In your case, you seem to have a slightly more complicated set up: Industry and Year are crossed random grouping factors and Company is a random grouping factor nested in Industry. Not sure whether the level-1 and level-2 terminology is correct in this setting where both crossing and nesting exist. To be on the safe side, you can refer to predictors as being industry predictors, company predictors and, if you have them, year predictors. (We don't know enough about your study design and research questions to confirm whether this type of set up actually makes sense for your data - we will assume that it does for the purposes of this answer.)

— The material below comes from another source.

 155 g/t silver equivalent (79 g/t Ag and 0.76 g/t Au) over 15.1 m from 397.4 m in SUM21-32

The problem with company predictors is that their effects can vary (1) across companies only, (2) across companies AND industries or (3) across industries only. The way you specified your model currently won't allow you to cover all of these situations. However, if you replace the construct (1|Industry/Company) with the equivalent construct (1|Industry) + (1|Industry:Company), you can cover all 3 situations and determine which one receives most support from your data:
Situation (1):
fit1_poissonGLMER <- glmer(Y1 ~ X1 + X2 + X3 + Z1 + Z2 +
(1|Industry) +
(1 + Z1 + Z2|Industry:Company) +
(1|Year),
data = mydata,
family = poisson(link = "log"))
Situation (2):
fit2_poissonGLMER <- glmer(Y1 ~ X1 + X2 + X3 + Z1 + Z2 +
(1 + Z1 + Z2|Industry) +
(1 + Z1 + Z2|Industry:Company) +
(1|Year),
data = mydata,
family = poisson(link = "log"))
Situation (3):
fit3_poissonGLMER <- glmer(Y1 ~ X1 + X2 + X3 + Z1 + Z2 +
(1 + + Z1 + Z2|Industry) +
(1|Industry:Company) +
(1|Year),
data = mydata,
family = poisson(link = "log"))
Note that in the above, I assumed that Company is nested in Industry and that the predictors measured at the company level were Z1 and Z2.

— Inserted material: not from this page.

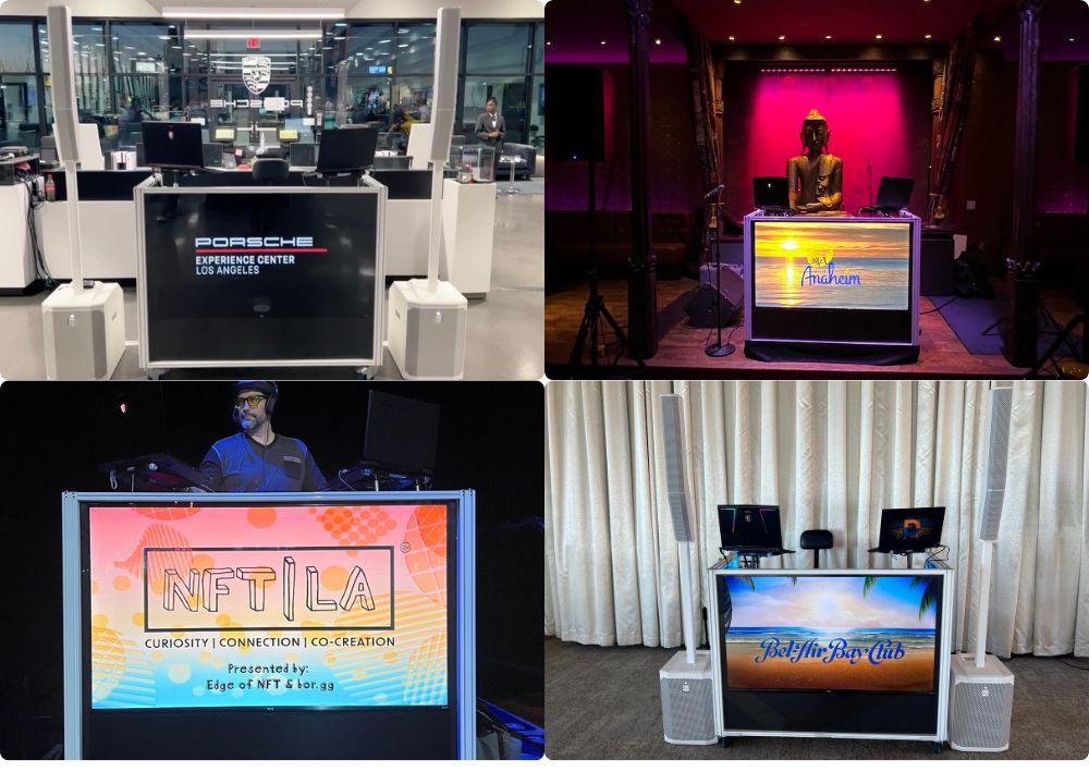 Our custom LCD Video DJ Booth takes event entertainment to the next level. With a video screen on the front and interchangable side panels, you can showcase your company logo, custom monogram, or eye-catching visuals that instantly grab attention. Using the built-in video switcher, we can seamlessly transition between multiple sources—whether it’s music videos, dynamic motion graphics, karaoke, or even our brand-new game show experience. Plus, we include a basic monogram or logo design in the upgrade price, saving you the added cost of a separate projection while delivering a truly unforgettable visual impact.

The 3 models formulated above are so-called random-intercept and random-slope models. For random-intercept models, the formulations:
fit_poissonGLMER <- glmer(Y1 ~ X1 + X2 + X3 + Z1 + Z2 +
(1|Industry) +
(1|Industry:Company) +
(1|Year),
data = mydata,
family = poisson(link = "log"))
and
fit_poissonGLMER <- glmer(Y1 ~ X1 + X2 + X3 + Z1 + Z2 +
(1|Industry/Company) +
(1|Year),
data = mydata,
family = poisson(link = "log"))
are equivalent.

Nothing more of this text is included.